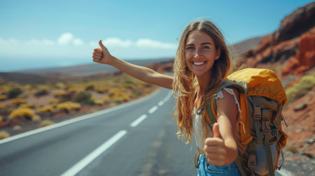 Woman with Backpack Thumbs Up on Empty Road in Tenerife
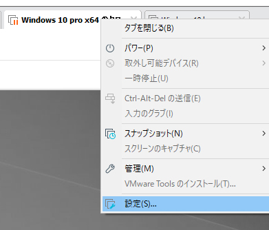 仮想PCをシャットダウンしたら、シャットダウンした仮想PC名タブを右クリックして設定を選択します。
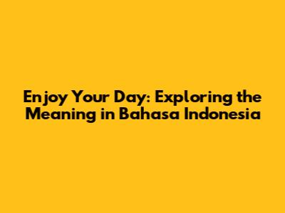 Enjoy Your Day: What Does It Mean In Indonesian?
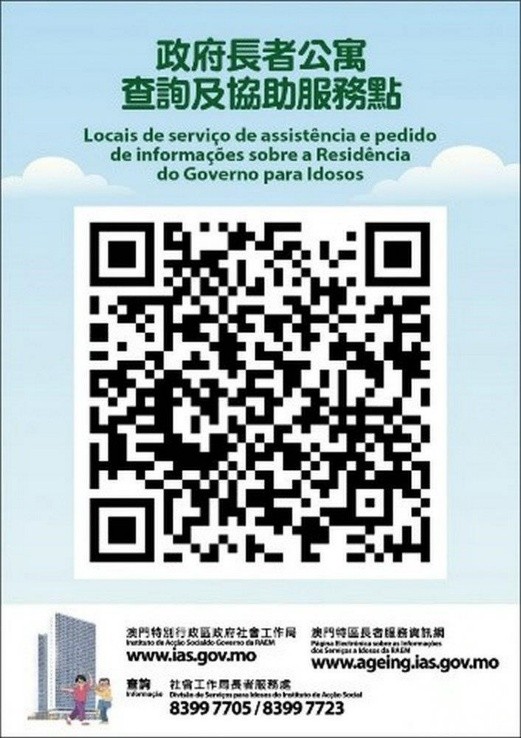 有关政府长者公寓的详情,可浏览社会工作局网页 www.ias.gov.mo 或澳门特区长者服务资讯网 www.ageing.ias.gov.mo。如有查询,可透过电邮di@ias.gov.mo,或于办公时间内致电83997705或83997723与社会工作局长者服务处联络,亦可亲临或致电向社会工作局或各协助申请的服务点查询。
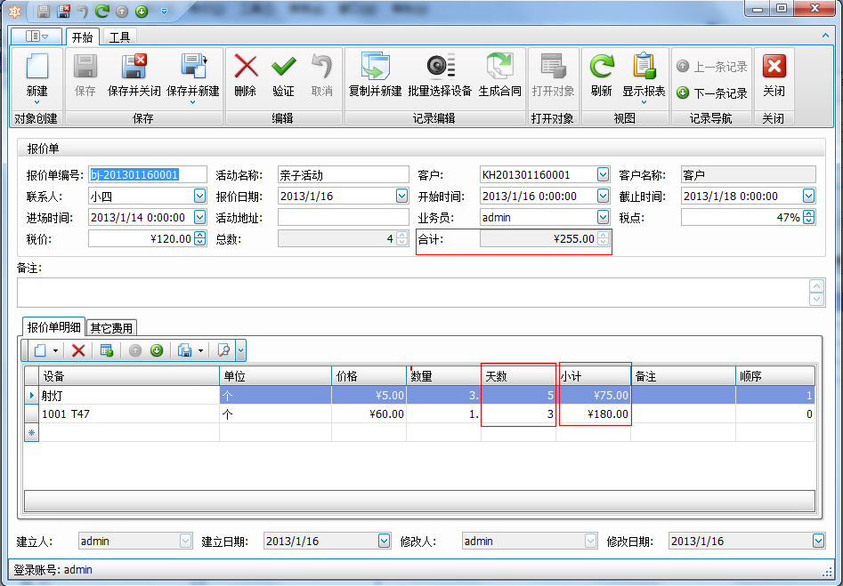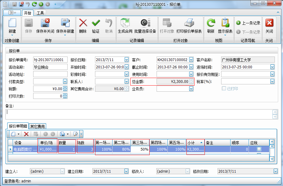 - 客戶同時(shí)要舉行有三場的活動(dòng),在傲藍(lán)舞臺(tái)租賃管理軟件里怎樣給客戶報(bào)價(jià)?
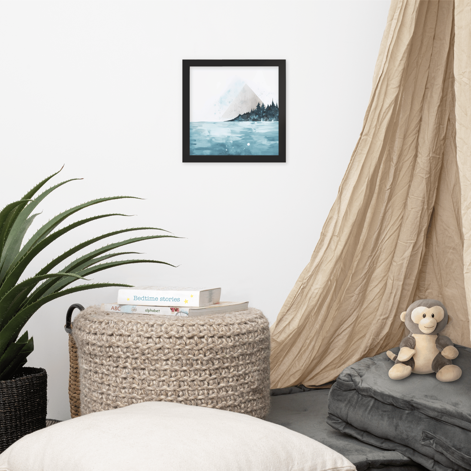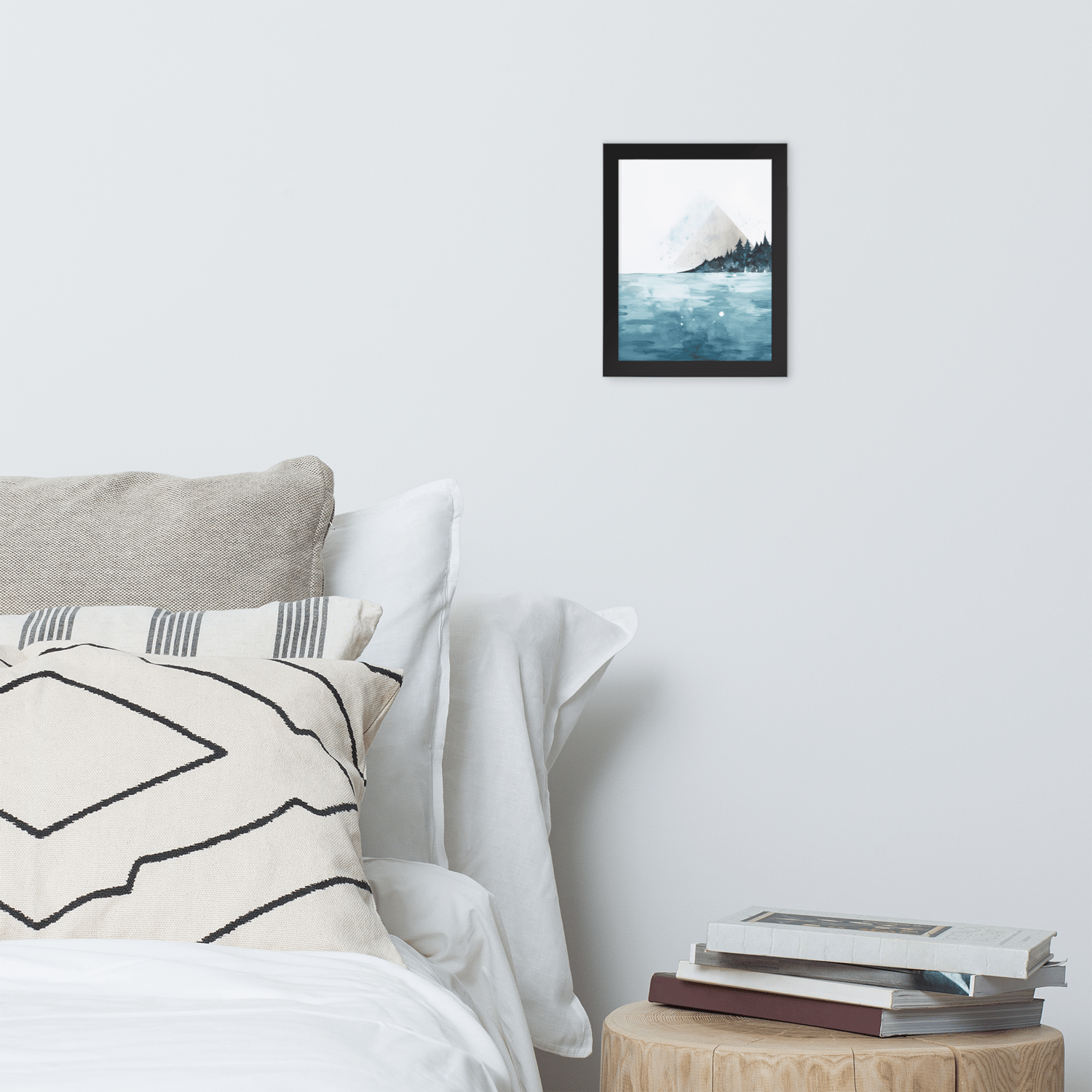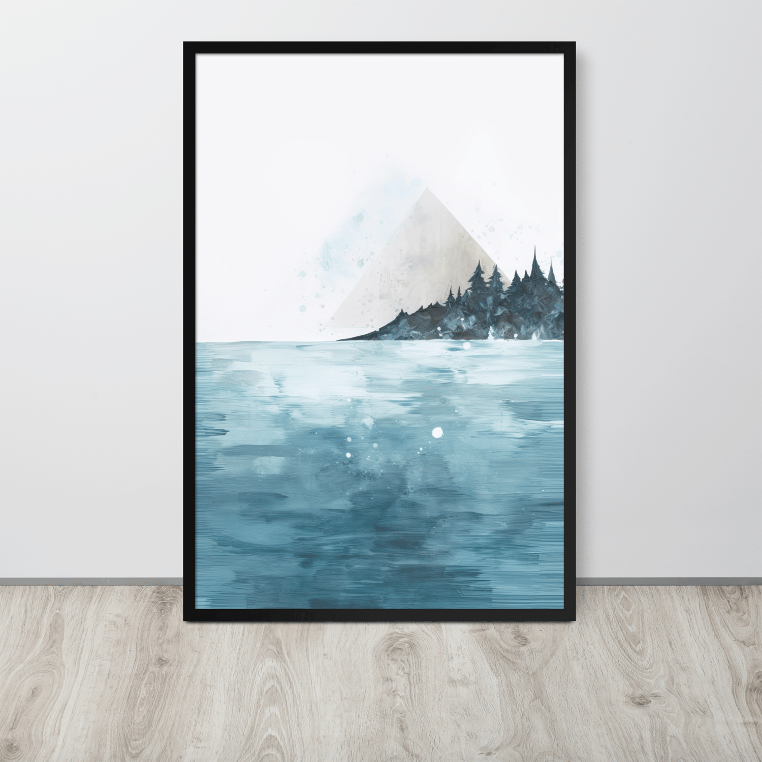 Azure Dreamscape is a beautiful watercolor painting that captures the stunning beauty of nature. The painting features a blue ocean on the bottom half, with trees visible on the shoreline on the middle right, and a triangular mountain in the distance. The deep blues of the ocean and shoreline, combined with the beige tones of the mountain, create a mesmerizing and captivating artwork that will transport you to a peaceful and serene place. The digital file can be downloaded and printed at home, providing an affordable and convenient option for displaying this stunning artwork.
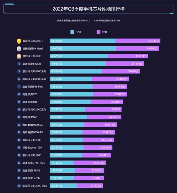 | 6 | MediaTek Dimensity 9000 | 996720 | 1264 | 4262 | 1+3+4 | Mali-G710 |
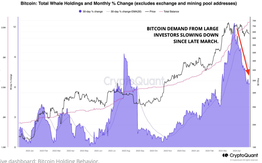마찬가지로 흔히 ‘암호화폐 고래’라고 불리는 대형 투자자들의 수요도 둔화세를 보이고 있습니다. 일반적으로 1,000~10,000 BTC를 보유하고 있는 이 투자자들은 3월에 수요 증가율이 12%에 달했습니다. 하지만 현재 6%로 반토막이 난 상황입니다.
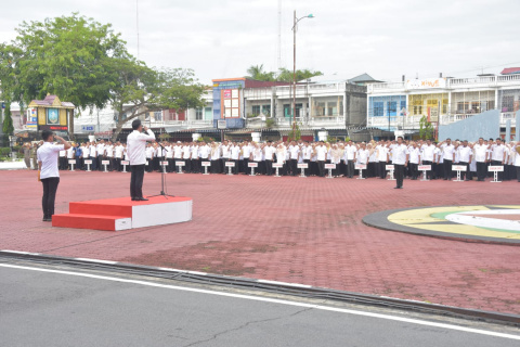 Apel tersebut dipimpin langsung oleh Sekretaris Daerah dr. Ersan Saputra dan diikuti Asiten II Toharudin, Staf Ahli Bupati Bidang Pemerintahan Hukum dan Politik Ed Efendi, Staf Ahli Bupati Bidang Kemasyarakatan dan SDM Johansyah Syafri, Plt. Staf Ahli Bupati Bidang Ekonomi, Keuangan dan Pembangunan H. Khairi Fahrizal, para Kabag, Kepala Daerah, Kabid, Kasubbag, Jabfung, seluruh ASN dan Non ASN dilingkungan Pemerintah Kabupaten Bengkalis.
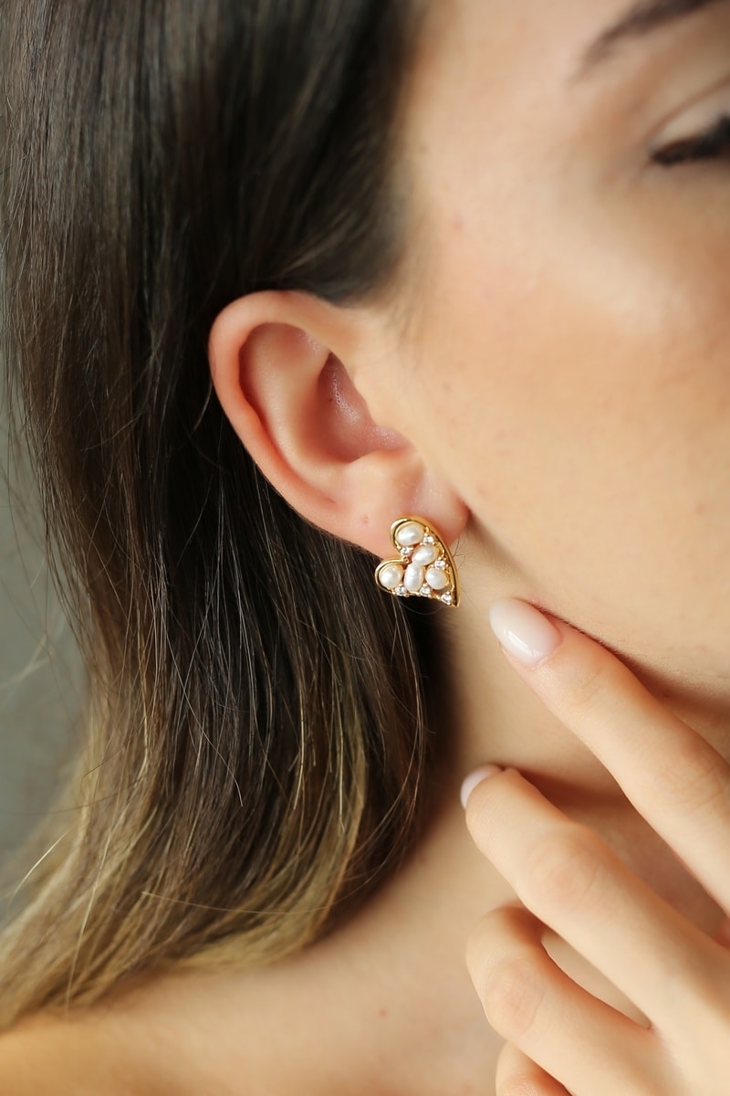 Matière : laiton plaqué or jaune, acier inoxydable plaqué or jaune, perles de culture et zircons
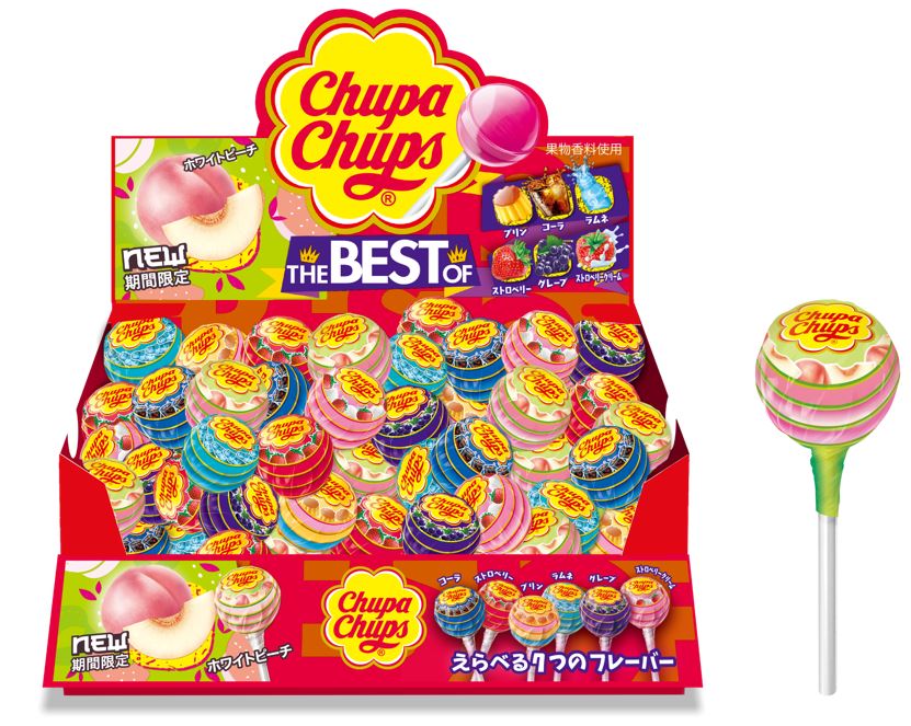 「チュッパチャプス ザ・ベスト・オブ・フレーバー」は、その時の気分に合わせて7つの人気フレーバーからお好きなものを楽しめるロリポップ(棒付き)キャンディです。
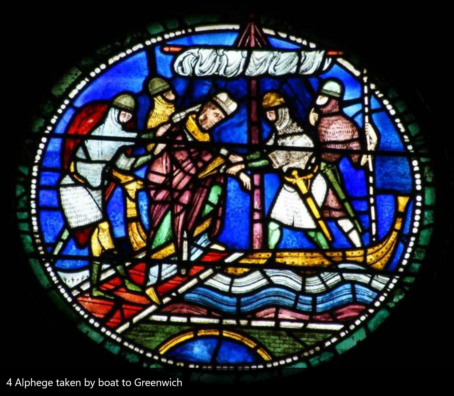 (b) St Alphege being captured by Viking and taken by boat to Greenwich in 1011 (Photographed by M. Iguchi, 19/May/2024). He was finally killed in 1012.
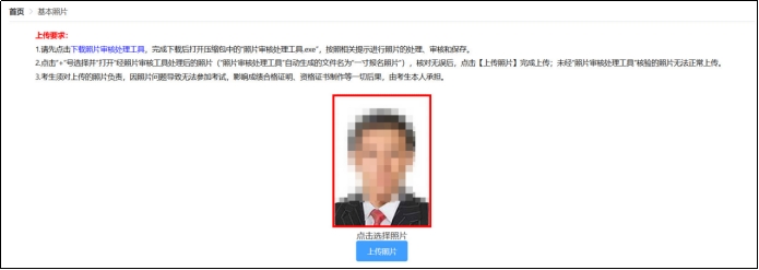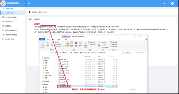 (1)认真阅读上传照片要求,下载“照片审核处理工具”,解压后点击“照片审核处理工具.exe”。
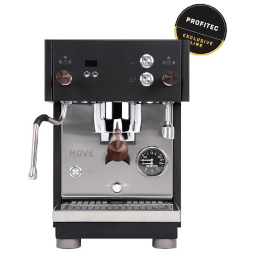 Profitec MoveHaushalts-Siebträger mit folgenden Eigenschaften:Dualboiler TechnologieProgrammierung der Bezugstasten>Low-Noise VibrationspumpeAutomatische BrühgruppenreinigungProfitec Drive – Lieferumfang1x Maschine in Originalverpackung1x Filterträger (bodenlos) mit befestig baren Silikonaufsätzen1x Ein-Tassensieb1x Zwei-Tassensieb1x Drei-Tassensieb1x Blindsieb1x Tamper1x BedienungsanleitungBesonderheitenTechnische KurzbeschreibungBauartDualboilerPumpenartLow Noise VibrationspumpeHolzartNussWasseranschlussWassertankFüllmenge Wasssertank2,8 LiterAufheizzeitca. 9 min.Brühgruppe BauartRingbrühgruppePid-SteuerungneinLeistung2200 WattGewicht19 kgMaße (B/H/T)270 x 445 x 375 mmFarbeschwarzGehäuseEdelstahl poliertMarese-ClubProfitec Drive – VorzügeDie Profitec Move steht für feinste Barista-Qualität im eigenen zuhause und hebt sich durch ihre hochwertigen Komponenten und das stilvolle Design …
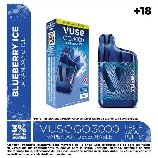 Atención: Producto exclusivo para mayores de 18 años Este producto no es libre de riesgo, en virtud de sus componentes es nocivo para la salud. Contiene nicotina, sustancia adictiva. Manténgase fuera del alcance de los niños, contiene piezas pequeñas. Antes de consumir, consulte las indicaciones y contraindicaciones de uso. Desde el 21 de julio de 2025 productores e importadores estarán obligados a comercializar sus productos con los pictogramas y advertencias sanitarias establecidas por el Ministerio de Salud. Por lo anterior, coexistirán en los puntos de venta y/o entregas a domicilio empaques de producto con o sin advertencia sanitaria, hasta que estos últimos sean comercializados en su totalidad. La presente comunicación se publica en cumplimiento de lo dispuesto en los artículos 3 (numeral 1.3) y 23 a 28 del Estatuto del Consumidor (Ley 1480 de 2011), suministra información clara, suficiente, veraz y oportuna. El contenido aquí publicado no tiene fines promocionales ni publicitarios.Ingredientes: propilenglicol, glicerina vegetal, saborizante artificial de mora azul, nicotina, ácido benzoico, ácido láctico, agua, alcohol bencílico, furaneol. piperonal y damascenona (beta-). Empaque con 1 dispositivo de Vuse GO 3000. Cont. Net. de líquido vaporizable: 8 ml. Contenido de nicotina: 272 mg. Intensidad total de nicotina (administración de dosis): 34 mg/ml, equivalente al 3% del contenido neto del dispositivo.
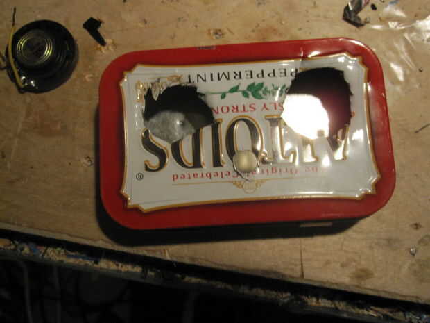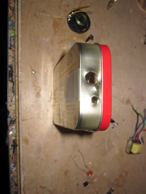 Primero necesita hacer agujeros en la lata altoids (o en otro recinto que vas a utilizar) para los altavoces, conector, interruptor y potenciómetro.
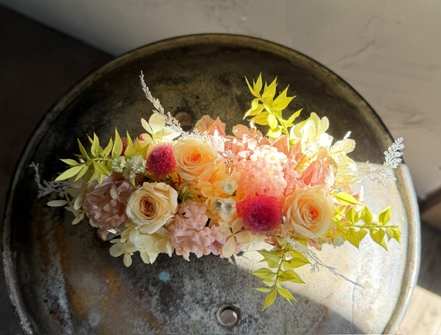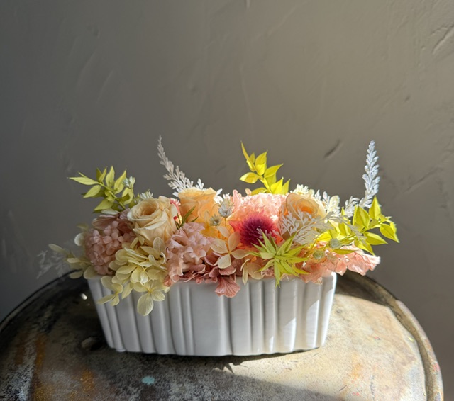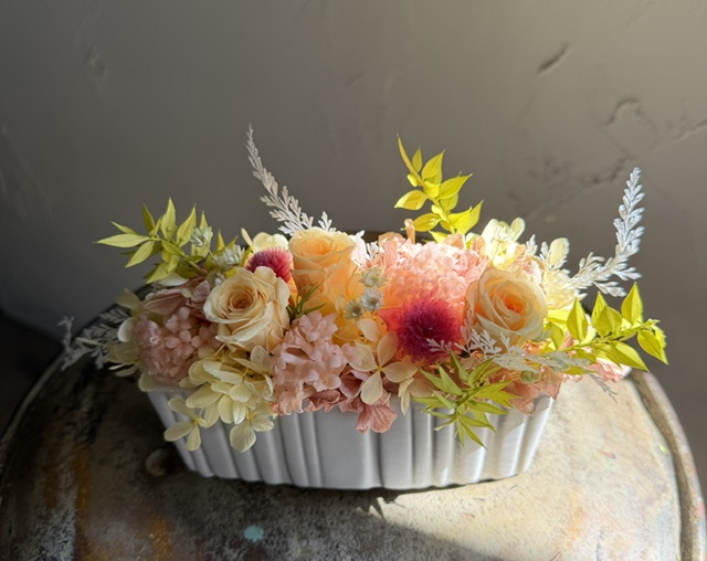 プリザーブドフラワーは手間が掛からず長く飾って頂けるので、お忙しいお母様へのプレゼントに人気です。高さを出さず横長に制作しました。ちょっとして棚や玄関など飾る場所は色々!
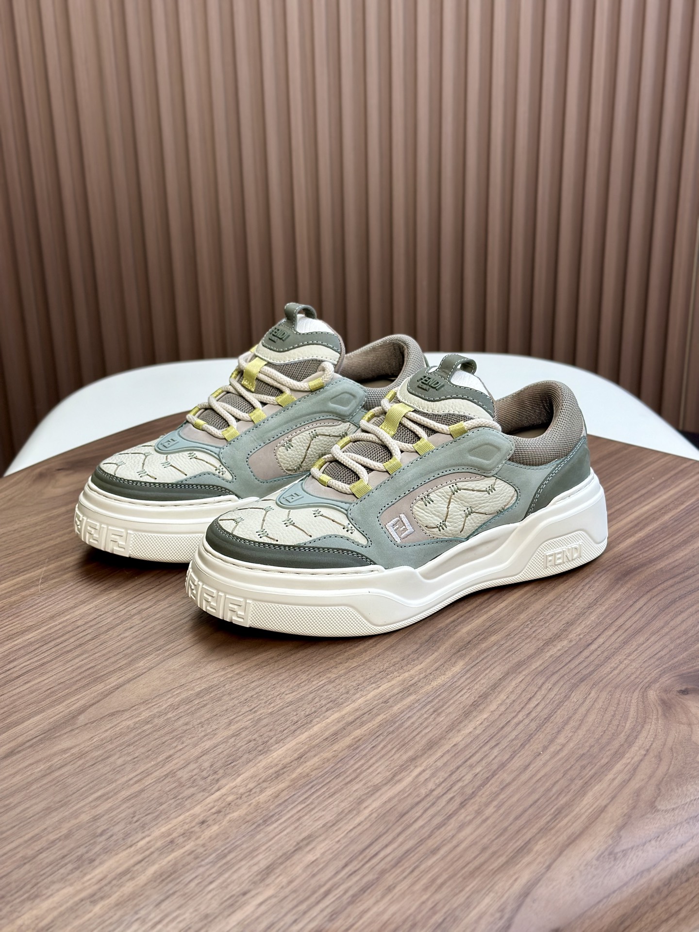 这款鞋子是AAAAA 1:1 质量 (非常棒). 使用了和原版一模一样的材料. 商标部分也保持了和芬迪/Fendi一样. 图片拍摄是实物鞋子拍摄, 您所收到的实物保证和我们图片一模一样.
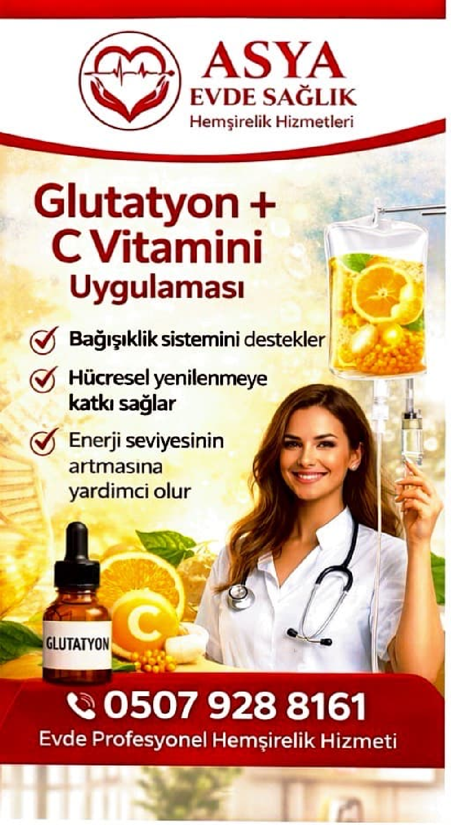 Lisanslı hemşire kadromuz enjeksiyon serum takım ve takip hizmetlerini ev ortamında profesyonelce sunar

◆ ◆ ◆ ◆

TASK DESCRIPTION.
Using the material above, transcribe exactly the lines from the one holding "Enjoy Your Day: What" to the one holding "- 客戶同時(shí)要舉行", both ends kept. Do not carry over any pictures.

SOLUTION BELOW.
 Enjoy Your Day: What Does It Mean In Indonesian?
 有关政府长者公寓的详情,可浏览社会工作局网页 www.ias.gov.mo 或澳门特区长者服务资讯网 www.ageing.ias.gov.mo。如有查询,可透过电邮di@ias.gov.mo,或于办公时间内致电83997705或83997723与社会工作局长者服务处联络,亦可亲临或致电向社会工作局或各协助申请的服务点查询。
 - 客戶同時(shí)要舉行有三場的活動(dòng),在傲藍(lán)舞臺(tái)租賃管理軟件里怎樣給客戶報(bào)價(jià)?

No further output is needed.